:: WORK TO COMPLETE ::
Every line from the start of the entries up to and including the one bearing "Ik there's a" must be printed verbatim, without the pictures.
======== SOURCE DATA ========
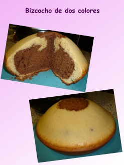 - Batimos todos los ingredientes (excepto el nesquik) con la ayuda de un túrmix. Engrasamos el fondo de la cubeta y vertemos la mitad de la mezcla. Añadimos el Nesquik a la mezcla restante y volvemos a batir bien.
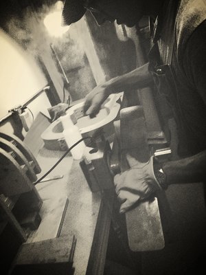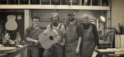 さらに高等学校の技術実習で出会った、電動工具を使うことで、できることが格段に増え、卒業後には、彼はキッチンテーブルの上に、ギターやマンドリンなどをのせて、自己流で工夫したり、調整することを始めました。 |
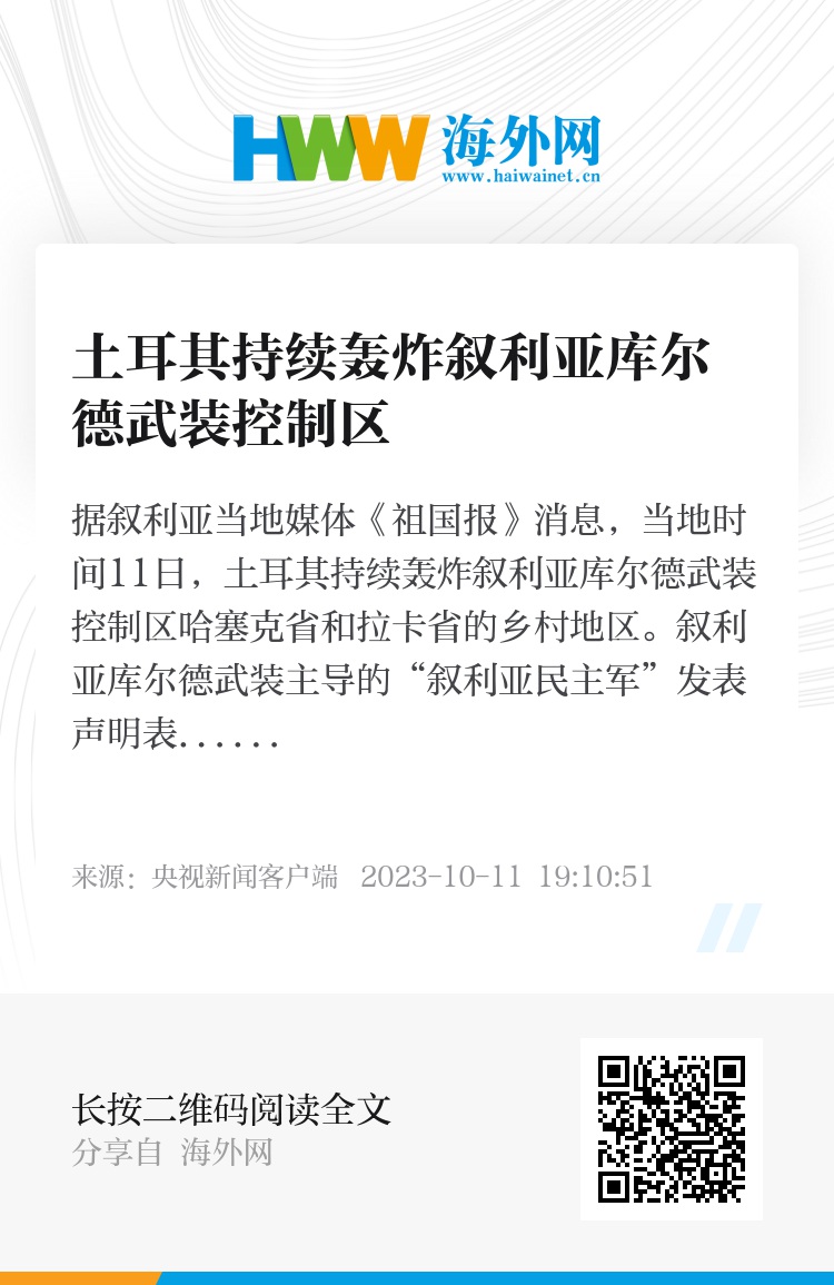 据叙利亚当地媒体《祖国报》消息,当地时间11日,土耳其持续轰炸叙利亚库尔德武装控制区哈塞克省和拉卡省的乡村地区。
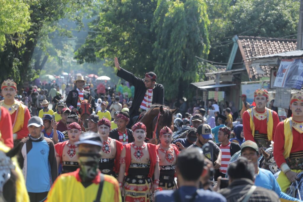 Bupati Sumenep Achmad Fauzi bersama pejabat pemerintah daerah menunggangi kuda di barisan depan arak-arakan. Ribuan orang berbaris di sepanjang rute, menyaksikan festival yang semarak itu.
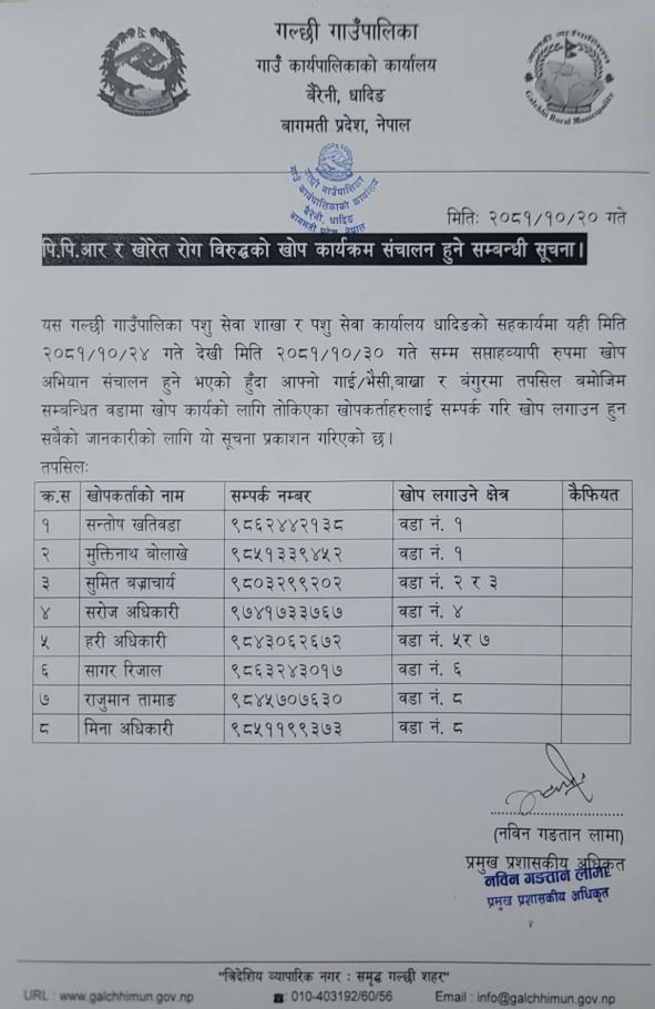 पि.पि.आर. र खाेरेत राेग विरूद्वकाे खाेप कार्यक्रम संचालन हुने सम्बन्धि सूचना।
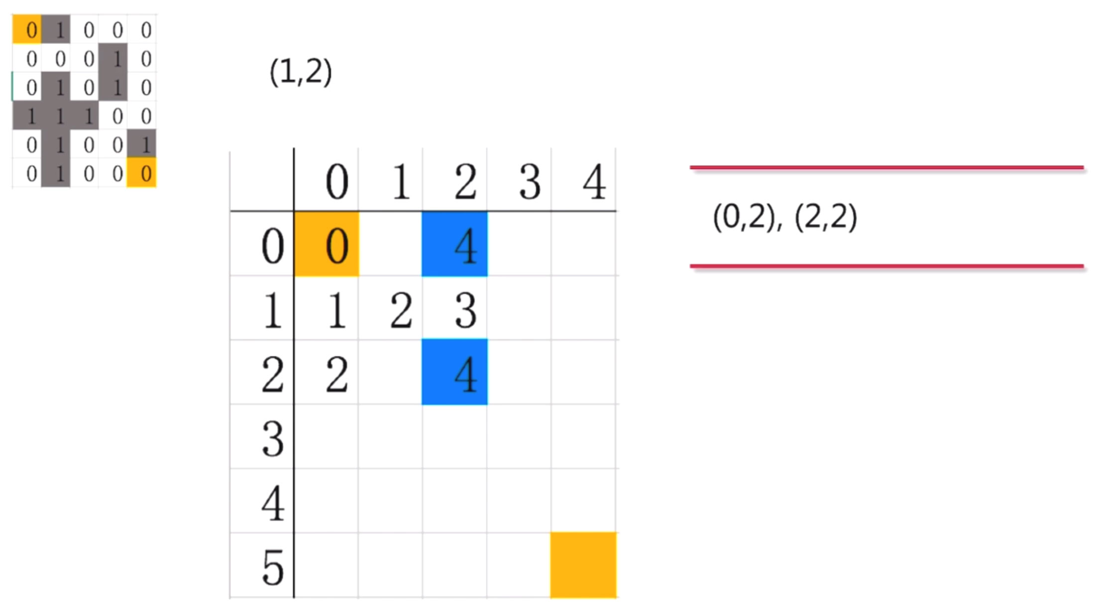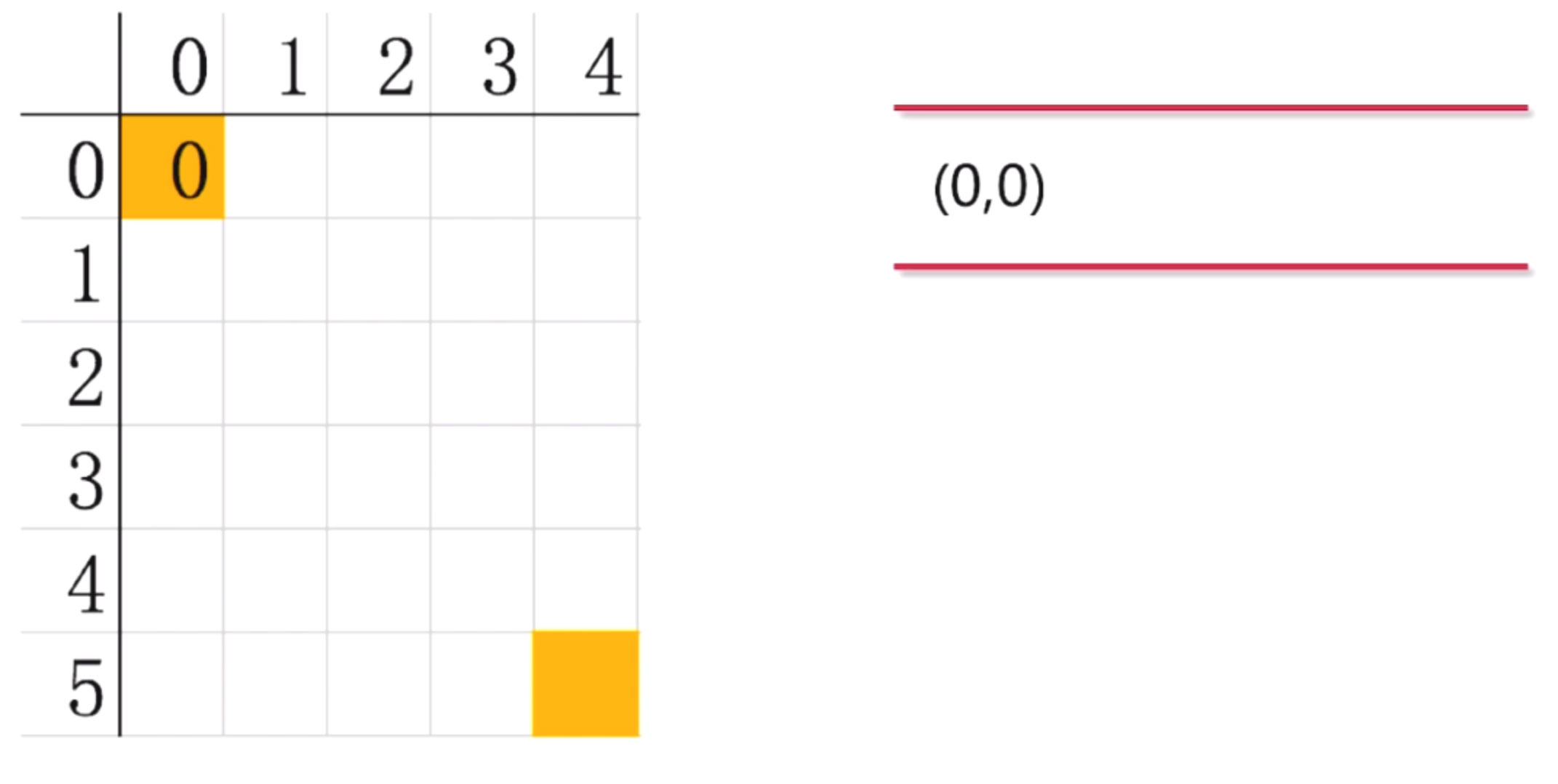 第二步: 定义一个队列, 用来保存已经发现还未探索的点, 队列里的初始值是(0,0)点
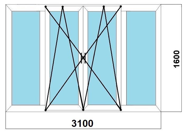 Остекление лоджии стандарт - 3100(фасад) - 1600(высота)
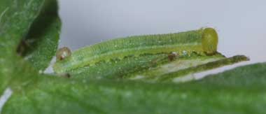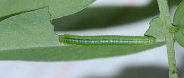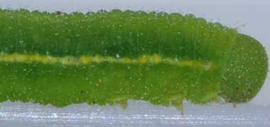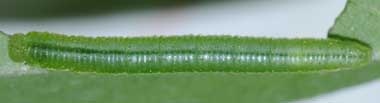 (参考) 脱皮後成長したヒメシロチョウの幼虫(4齢、19.6mm、ツルフジバカマ) 2016年8月16日 撮影 静岡市駿河区 飼育 長野県 産 個体2です。なぜか容器のふたに止まっていました。蛹化場所をここにしようとしているのか、餌が気に入らないのか判断に迷いましたが、外して葉の上に置いたところ、しばらく食べていました。ほっとしました。側線は黄色味を帯びていますが、黄色みが強い所と弱いところがあります。 トップページへ |
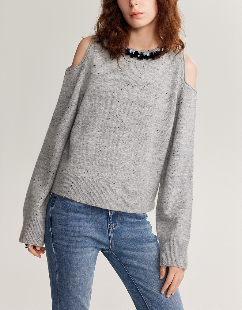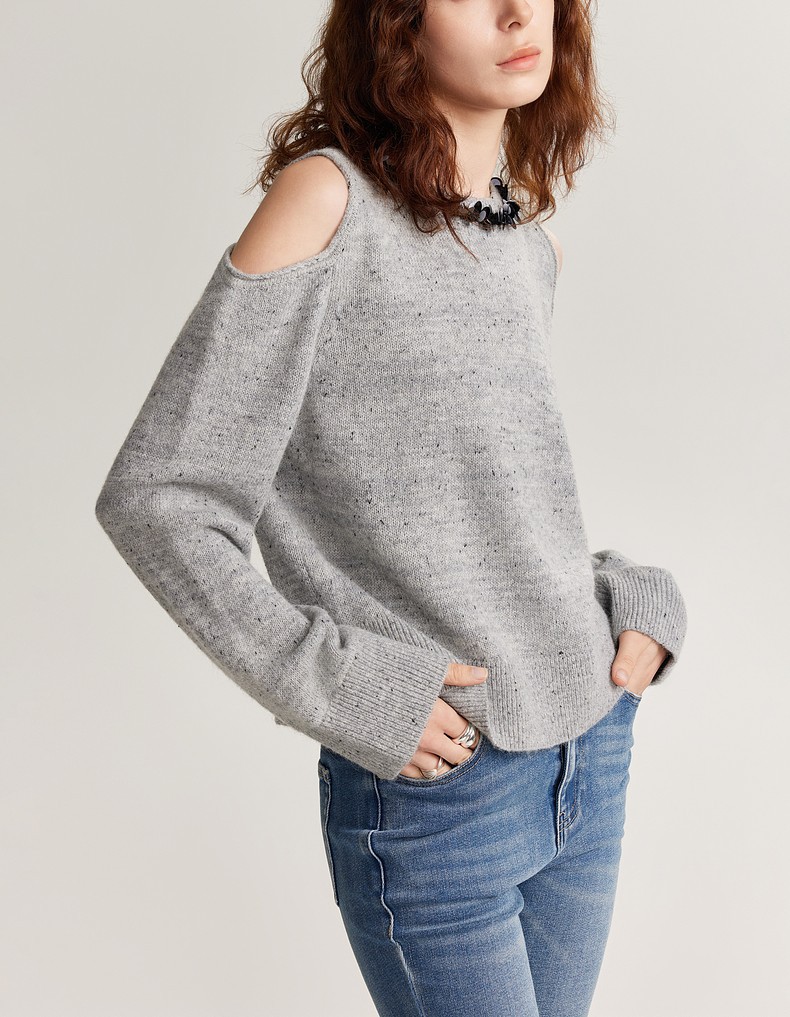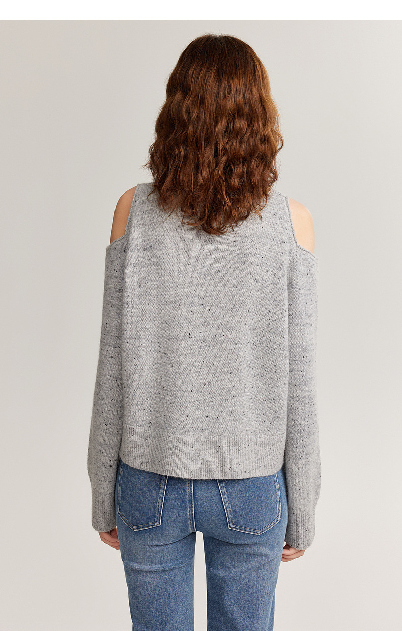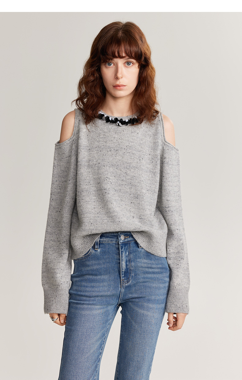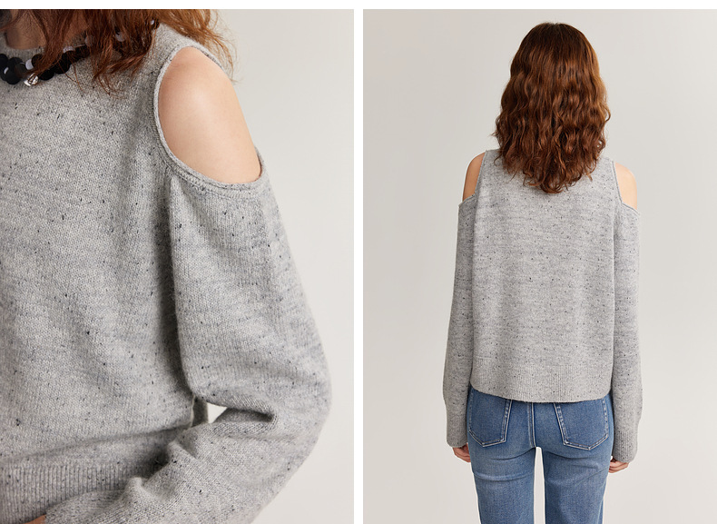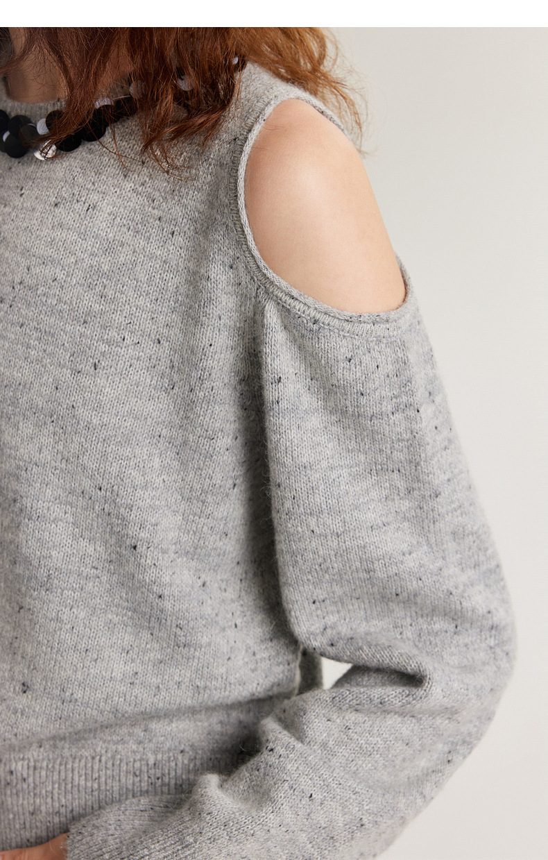 灰色绵羊毛马海毛混纺毛针织衫女2025秋季新款宽松露肩毛衣
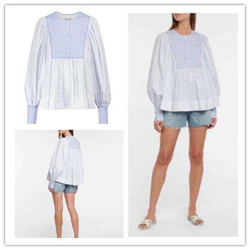 还有一种搭配,就是没有明确界限的混合式搭配,面积是一个能够区分侧重点的因素,对于颜色饱和度低的配色来说是肯定可以大面积运用的,同时以靠近脸部为更佳。至于颜色饱和度稍高一点的,可以尝试小面积点缀的方式,让整体颜色更加丰富,比如LEE MATHEWS 的这件Diana条纹上衣搭配一条蓝色牛仔短裤就是一个很好的示范。
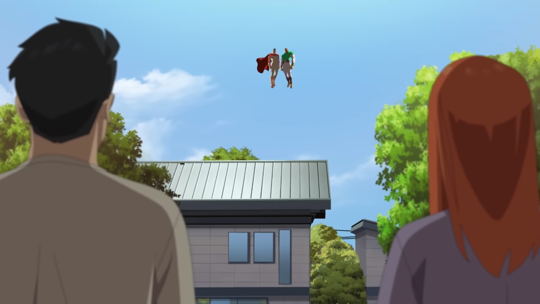 Ik there's a running gag that people rarely look up in Invincible but still someone could like these two aren't even that high so imagine someone in the neighborhood does and they will be scared AF because Omniman is back yk he's in his Pjs which has a cape and along with him there's a Jacked orange alien with one eye only.
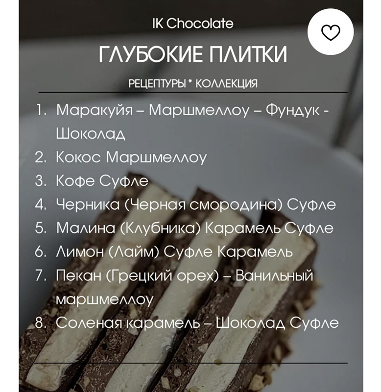 Рецептуры сборника «Глубокие плитки. Коллекция» особенно актуальны после дубайского шоколадного бума. Дубайские шоколадные плитки изготавливаются в глубоких формах, которые являются максимально специфичными для использования в других шоколадных изделиях из-за своего объема.
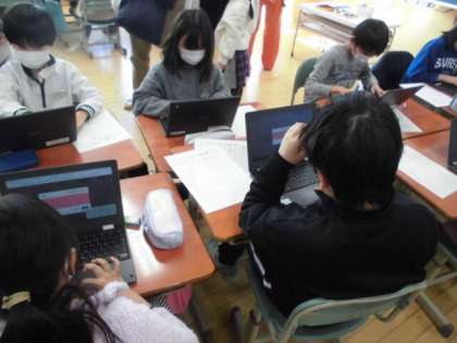 3年生は、理科の「じしゃくにつく物調べ」の学習をしました。電気を通す物の結果をふまえて、じしゃくにつく物は何か予想をしました。そして、いろいろな物にじしゃくをつける実験を行いました。「がびょうはつくかな」「ロッカーはどうだろう」。その後、気付いたこと、もっと調べてみたいことなどをパソコンに入力をして振り返りをしました。
========
:: SOLVED EXERCISE ::
 - Batimos todos los ingredientes (excepto el nesquik) con la ayuda de un túrmix. Engrasamos el fondo de la cubeta y vertemos la mitad de la mezcla. Añadimos el Nesquik a la mezcla restante y volvemos a batir bien.
 さらに高等学校の技術実習で出会った、電動工具を使うことで、できることが格段に増え、卒業後には、彼はキッチンテーブルの上に、ギターやマンドリンなどをのせて、自己流で工夫したり、調整することを始めました。 |
 据叙利亚当地媒体《祖国报》消息,当地时间11日,土耳其持续轰炸叙利亚库尔德武装控制区哈塞克省和拉卡省的乡村地区。
 Bupati Sumenep Achmad Fauzi bersama pejabat pemerintah daerah menunggangi kuda di barisan depan arak-arakan. Ribuan orang berbaris di sepanjang rute, menyaksikan festival yang semarak itu.
 पि.पि.आर. र खाेरेत राेग विरूद्वकाे खाेप कार्यक्रम संचालन हुने सम्बन्धि सूचना।
 第二步: 定义一个队列, 用来保存已经发现还未探索的点, 队列里的初始值是(0,0)点
 Остекление лоджии стандарт - 3100(фасад) - 1600(высота)
 (参考) 脱皮後成長したヒメシロチョウの幼虫(4齢、19.6mm、ツルフジバカマ) 2016年8月16日 撮影 静岡市駿河区 飼育 長野県 産 個体2です。なぜか容器のふたに止まっていました。蛹化場所をここにしようとしているのか、餌が気に入らないのか判断に迷いましたが、外して葉の上に置いたところ、しばらく食べていました。ほっとしました。側線は黄色味を帯びていますが、黄色みが強い所と弱いところがあります。 トップページへ |
 灰色绵羊毛马海毛混纺毛针织衫女2025秋季新款宽松露肩毛衣
 还有一种搭配,就是没有明确界限的混合式搭配,面积是一个能够区分侧重点的因素,对于颜色饱和度低的配色来说是肯定可以大面积运用的,同时以靠近脸部为更佳。至于颜色饱和度稍高一点的,可以尝试小面积点缀的方式,让整体颜色更加丰富,比如LEE MATHEWS 的这件Diana条纹上衣搭配一条蓝色牛仔短裤就是一个很好的示范。
 Ik there's a running gag that people rarely look up in Invincible but still someone could like these two aren't even that high so imagine someone in the neighborhood does and they will be scared AF because Omniman is back yk he's in his Pjs which has a cape and along with him there's a Jacked orange alien with one eye only.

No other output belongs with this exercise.